One of the main issues identified by Schwartz was a tendency to compare prices of different cryptocurrencies without considering other factors. For example, BTC may be priced higher than XRP, but it does not inherently make it more valuable. According to Schwartz, this misconception is because comparing prices of a single coin ignores key differences like total supply, tokenomics, and market capitalization. Schwartz urged the crypto community to avoid drawing comparisons based purely on price, instead advocating for a more comprehensive analysis of assets and considering various aspects of each cryptocurrency, like market capitalization, liquidity, and use cases. 

Crypto Security And Infrastructure Sees VC Funding 

The third week of February saw significant investment in crypto security and infrastructure, with Blockaid leading the way with a $150M Series B funding round. The ecosystem saw $150M in funding, with security, blockchain, and DeFi projects leading funding. Blockaid’s latest funding raises the amount raised by the project to $83 million. Kinto also secured $20 million in investment in an unknown round, raising the total amount to $25 million. Meanwhile, Cygnus raised $20 million in pre-seed funding. Cygnus is backed by OKX Ventures, Mirana, and Manifold. 

Bitcoin (BTC) Price Analysis 

Bitcoin’s (BTC) rally last week was cut short on Friday following the Bybit hack, which sent shockwaves through the market. As a result, BTC lost all momentum, and an expected push to $100,000 fell short, with bearish sentiment returning as key indicators turned red. Analysts believe BTC’s rally could be threatened after flagging a notable decline in institutional interest particularly through Bitcoin and Ethereum futures contracts. Institutional investors have played a key role during BTC’s price rallies over the past year and its move past $100,000. However, BTC has failed to push higher after breaking above this level and dipped into the $90,000-$100,000 range, signaling a slowdown in institutional investments. 
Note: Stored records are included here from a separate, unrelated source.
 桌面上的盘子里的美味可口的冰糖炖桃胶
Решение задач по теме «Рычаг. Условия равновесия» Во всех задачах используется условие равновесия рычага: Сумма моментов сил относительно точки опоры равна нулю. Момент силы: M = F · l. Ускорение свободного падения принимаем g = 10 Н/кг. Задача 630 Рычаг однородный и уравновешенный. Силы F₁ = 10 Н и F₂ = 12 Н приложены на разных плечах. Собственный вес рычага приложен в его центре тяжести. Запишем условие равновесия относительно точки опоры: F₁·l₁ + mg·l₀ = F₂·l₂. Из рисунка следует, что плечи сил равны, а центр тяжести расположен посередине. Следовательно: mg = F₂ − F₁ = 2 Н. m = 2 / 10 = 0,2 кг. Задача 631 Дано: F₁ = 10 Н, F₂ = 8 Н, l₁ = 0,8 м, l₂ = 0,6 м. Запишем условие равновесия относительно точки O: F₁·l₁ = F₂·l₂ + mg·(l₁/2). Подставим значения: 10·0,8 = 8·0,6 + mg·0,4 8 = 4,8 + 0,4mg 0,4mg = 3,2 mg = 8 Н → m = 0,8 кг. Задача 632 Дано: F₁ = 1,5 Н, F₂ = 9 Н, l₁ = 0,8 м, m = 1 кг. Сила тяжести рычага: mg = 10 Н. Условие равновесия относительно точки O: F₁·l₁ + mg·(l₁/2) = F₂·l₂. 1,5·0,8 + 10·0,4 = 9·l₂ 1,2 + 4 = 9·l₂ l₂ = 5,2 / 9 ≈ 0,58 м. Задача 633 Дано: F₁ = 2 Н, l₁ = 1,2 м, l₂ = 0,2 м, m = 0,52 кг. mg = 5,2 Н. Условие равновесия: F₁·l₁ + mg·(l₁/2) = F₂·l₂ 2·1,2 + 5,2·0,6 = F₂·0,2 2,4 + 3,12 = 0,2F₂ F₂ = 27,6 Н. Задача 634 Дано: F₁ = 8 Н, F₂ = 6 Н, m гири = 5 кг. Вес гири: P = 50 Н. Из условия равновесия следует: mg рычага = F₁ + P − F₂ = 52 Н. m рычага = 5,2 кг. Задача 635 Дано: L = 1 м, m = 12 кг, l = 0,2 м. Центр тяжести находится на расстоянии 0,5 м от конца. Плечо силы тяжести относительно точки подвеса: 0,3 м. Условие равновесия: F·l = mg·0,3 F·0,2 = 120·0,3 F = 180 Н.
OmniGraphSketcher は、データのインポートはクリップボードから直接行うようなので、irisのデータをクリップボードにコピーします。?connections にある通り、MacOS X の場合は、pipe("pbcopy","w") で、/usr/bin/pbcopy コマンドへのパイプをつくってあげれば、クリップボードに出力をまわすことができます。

JPMorgan analysts confirmed the slowdown in a recent note highlighting a decline in the Bitcoin futures market on the Chicago Mercantile Exchange (CME). The bank highlighted a growing trend of backwardation, a scenario in which spot prices exceed futures prices. A healthy market generally sees futures contracts priced higher than the spot price. However, the current market scenario indicates hesitation among market participants. 
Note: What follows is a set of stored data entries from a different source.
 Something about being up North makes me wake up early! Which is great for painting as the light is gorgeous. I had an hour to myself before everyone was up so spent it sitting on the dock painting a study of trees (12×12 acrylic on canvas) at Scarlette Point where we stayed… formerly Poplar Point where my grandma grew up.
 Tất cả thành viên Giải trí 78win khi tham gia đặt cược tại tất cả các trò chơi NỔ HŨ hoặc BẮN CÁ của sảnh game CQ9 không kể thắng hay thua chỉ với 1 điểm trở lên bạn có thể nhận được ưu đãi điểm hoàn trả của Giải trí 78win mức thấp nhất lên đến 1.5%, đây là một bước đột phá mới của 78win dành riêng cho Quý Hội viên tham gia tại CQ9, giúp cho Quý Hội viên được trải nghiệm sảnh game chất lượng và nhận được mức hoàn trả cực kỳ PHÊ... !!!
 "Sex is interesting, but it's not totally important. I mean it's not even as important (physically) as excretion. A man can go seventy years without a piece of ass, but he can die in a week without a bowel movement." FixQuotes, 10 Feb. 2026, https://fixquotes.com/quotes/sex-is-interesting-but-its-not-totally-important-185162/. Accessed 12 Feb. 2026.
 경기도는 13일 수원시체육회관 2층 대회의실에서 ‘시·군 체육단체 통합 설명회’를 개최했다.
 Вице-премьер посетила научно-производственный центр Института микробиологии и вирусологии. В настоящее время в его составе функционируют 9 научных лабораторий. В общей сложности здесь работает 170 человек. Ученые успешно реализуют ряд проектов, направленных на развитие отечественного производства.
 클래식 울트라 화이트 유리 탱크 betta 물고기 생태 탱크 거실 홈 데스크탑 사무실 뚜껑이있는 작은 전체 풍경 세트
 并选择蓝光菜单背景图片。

“This is a negative development and indicative of demand weakness. Lower demand from systematic and momentum-driven funds, such as CTAs, has also affected bitcoin and ether futures.”

Due to its sluggishness, BTC remains entrenched between $94,000 and $100,000 and currently trades around the $95,700 mark, putting it close to the bottom of its consolidation range. If BTC closes below $94,000, it could see a rapid decline to $90,000, a level buyers are expected to defend. If this level is breached, BTC could see a deeper correction that could drag the price to $75,000 or lower. 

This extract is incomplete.